Stocks slipped and Treasury yields rose sharply on Friday after the release of a stronger-than-expected jobs report, signaling that markets may have to wait longer for interest rate cuts from the Federal Reserve.
The S&P 500 fell 0.1% to 5,346.99, capping off a strong week that saw the benchmark index rise 1.3%. The Nasdaq composite slipped 0.2% to 38,798.99, while the Dow Jones Industrial Average fell 0.2% to 38,798.99. Smaller company stocks fared even worse, with the Russell 2000 falling 1.1%.
U.S. employers added 272,000 jobs in May, surpassing economists’ expectations and suggesting continued strength in the job market. However, the report also showed a rise in the unemployment rate for the second consecutive month, adding complexity to the Federal Reserve’s decision-making on interest rates.
The yield on the 10-year Treasury jumped to 4.43% following the jobs report, while the two-year yield, which tracks expectations for the Fed, rose to 4.89%. Wall Street is hoping for at least one rate cut from the Fed before the end of the year, but the strong jobs market and signs of inflation pressure may delay those cuts.

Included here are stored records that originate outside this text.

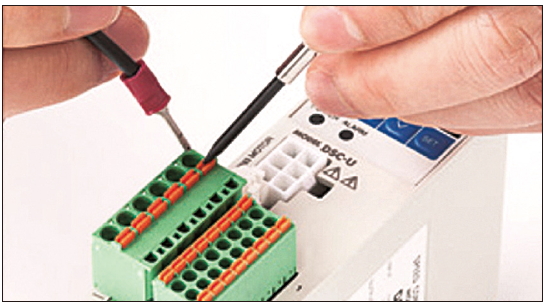(4) 간단한 배선과 접속 : 전원선이나 I/O선은 SCREWLESS CONNE-CTOR, 모터와 컨트롤러 간의 커넥터로 간단한 배선과 접속을 할 수 있다(그림 6 참조).
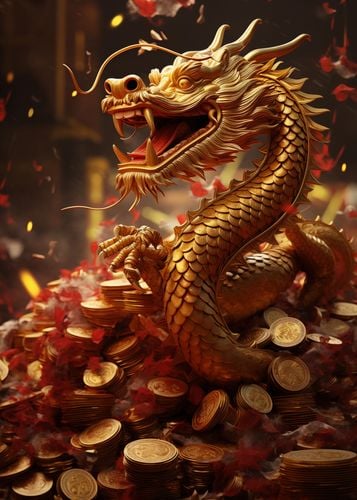 Plakat z serii motywy wschodnie zatytułowany Smok Bogactwa. Ilustracja ta ukazuje potężnego złotego smoka, symbol siły i pomyślności w wielu kulturach wschodnich, unoszącego się nad skarbami. Smok, z szeroko otwartymi szczękami, wydaje się ryczeć triumfalnie, otoczony przez wirujące złote monety i kwiaty, co dodaje kompozycji dynamizmu. Żywe kolory i szczegółowe wykonanie smoka sprawiają, że plakat jest pełen życia i energii. Plakat ten jest doskonałym wyborem dla miłośników sztuki orientalnej oraz jako element dekoracyjny wnętrz, które chcą wprowadzić elementy bogatej symboliki i kulturowej głębi, takich jak domowe biura, pokoje do medytacji czy ekskluzywne salony.
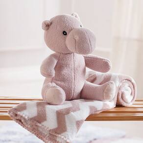 Bichinho de Pelúcia Floresta New com Manta Bebê 100x75cm Hipopótamo -
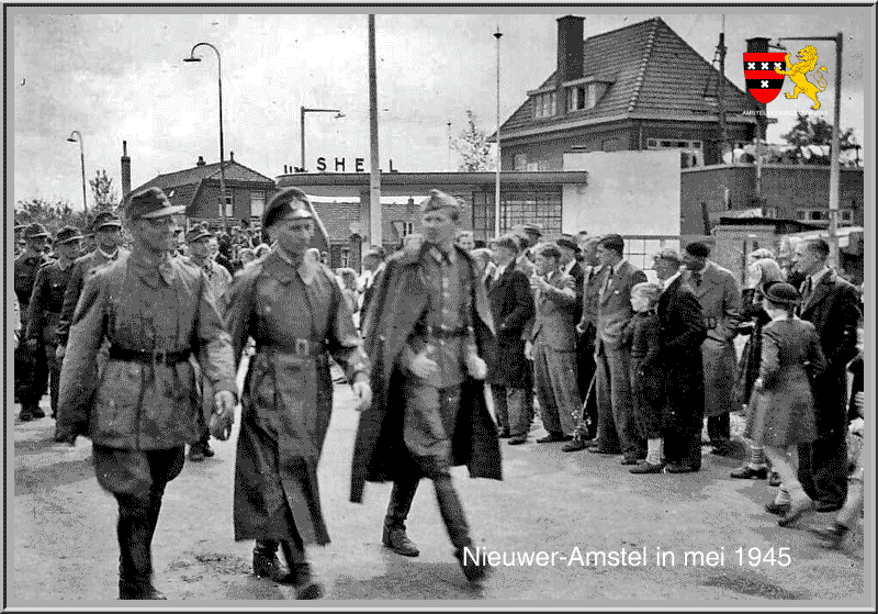 Aftocht van de Duitse troepen in Nieuwer-Amstel in mei 1945 aan de hoek Amsterdamseweg / Burgemeester A. Colijnweg
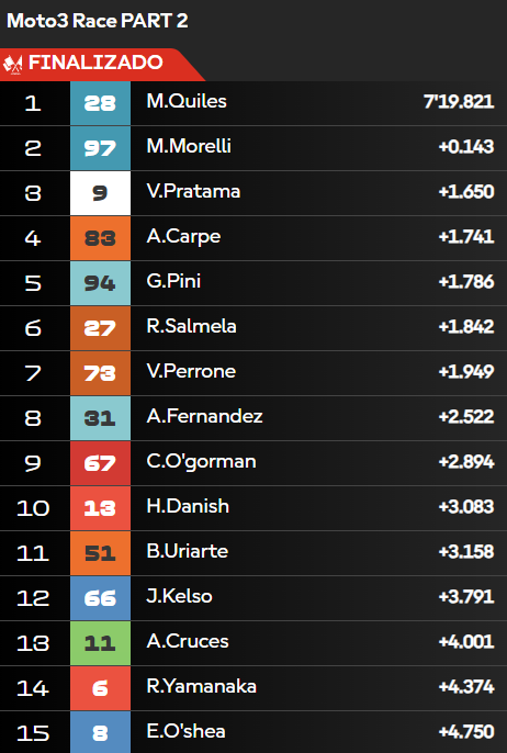 Con este resultado, Quiles tomó el primer puesto del campeonato con 45 puntos escoltado por Morelli (a 17 unidades), quien escaló seis lugares, y Pratama (a 18); Perrone está 7° (a 20).
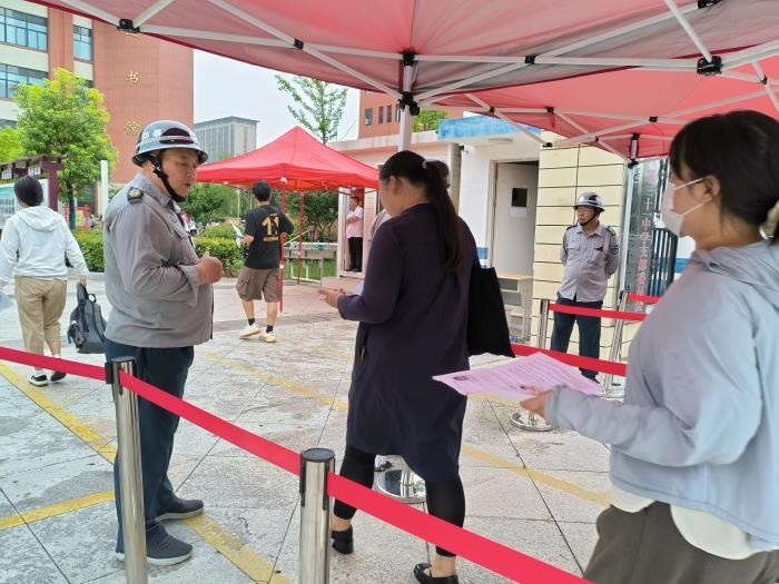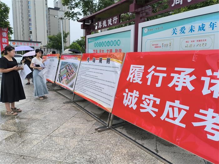 当日早上,考点大门外,无线电监控人员提前到岗,无线电监控设备开始运行。考试宣传展板前,不时有考生围过来查看考场信息和考风考纪要求。考点工作人员拿着大喇叭一边维持场外秩序,一边提醒考试注意事项。8:20,考点几条入场通道同时开启,在工作人员的引导下,考生凭身份证和准考证有序进入考点。
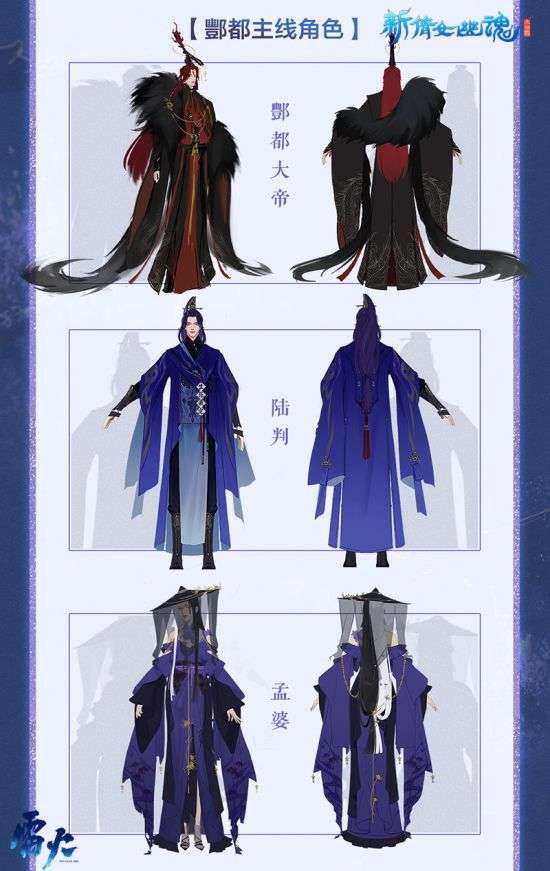 本次酆都地图迭代,将采用独特的古风赛博风格,带给大家全新的视觉体验:色调以暗紫和黑色为主,风格幽深神秘。在地图迭代的同时,酆都中为少侠们所熟悉的NPC也将进行迭代:霸气的酆都大帝身着赤色皮草长袍,身形魁梧;陆判一袭宝蓝长袍,眉目英俊,一幅正气做派;孟婆黑白双色的头发极具特色,黑纱下的面容一半年轻,一半苍老。不知她究竟是少女还是老妪?
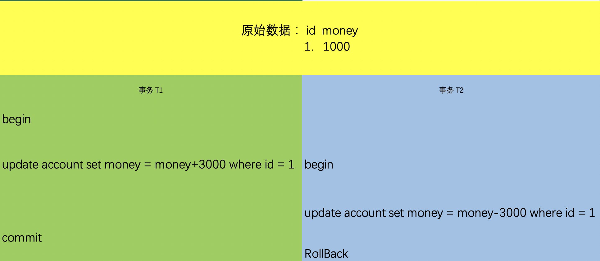 当事务 T1 先更新数据,T2 读到的数据是 T1 更新后的数据,但之后,T1 竟然回滚了,那么 T2 原本读到的数据实际上就不准确了。(T1 做了个假动作虚晃一枪)
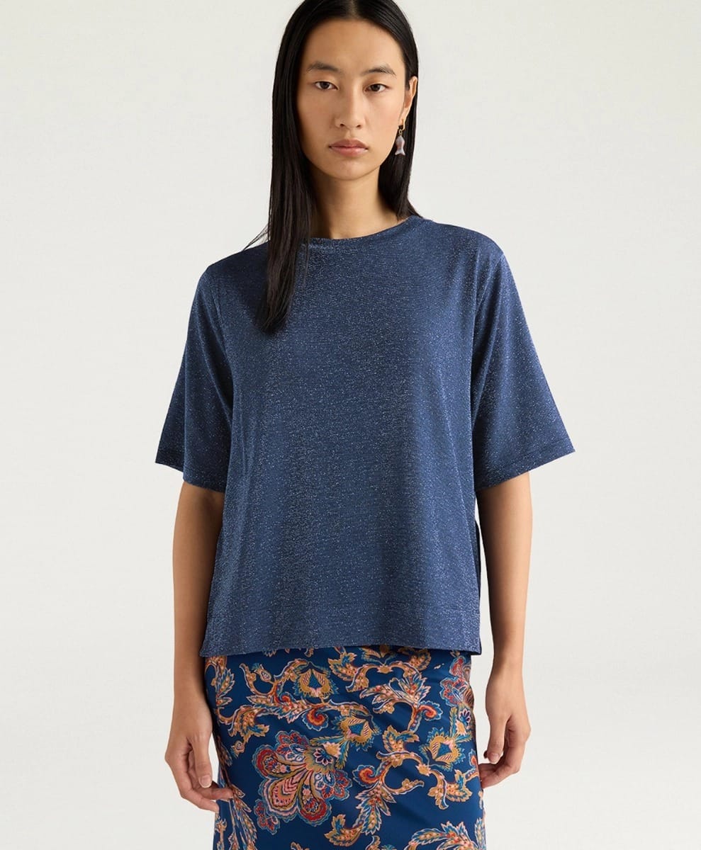T-SHIRT IORA EN JERSEY LUREX UNI – BLEU
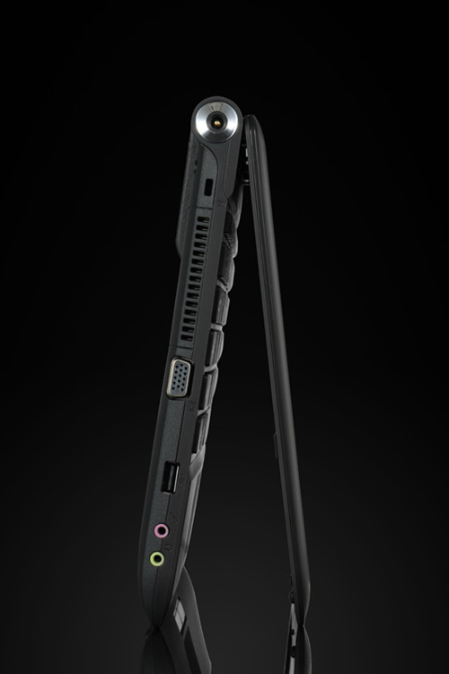 ▲ 机身的左侧接口依次是:电源接口、主散热口、VGA接口、USB接口、耳机和麦克风孔。
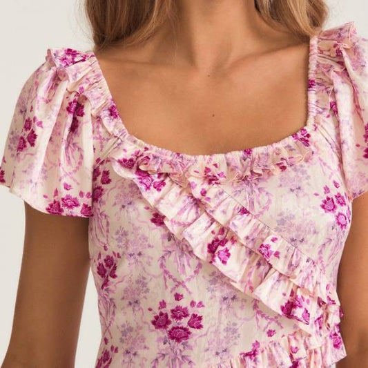 LSF Kenya Short Sleeve Ruffle Satin Maxi Dress

Economic data earlier in the week hinted at a potential slowdown in the economy, with reports showing manufacturing contraction, weaker worker productivity, and declining job openings. However, gains in chip companies focused on artificial intelligence technology helped push the market to record highs throughout the week.
Investors will be closely watching next week’s updates on wholesale and consumer prices to get a clearer view of inflation’s trajectory. Fed officials are expected to hold interest rates steady at their upcoming meeting, with investors scaling back bets on a rate cut in July following the jobs report.
Retail earnings have also been in focus, with reports showing that consumers are cutting back on non-essential items due to stubborn inflation. GameStop, the video game retailer caught up in the meme stock craze, saw its shares slump 39.4% after reporting another quarterly loss and announcing plans to sell up to 75 million more shares.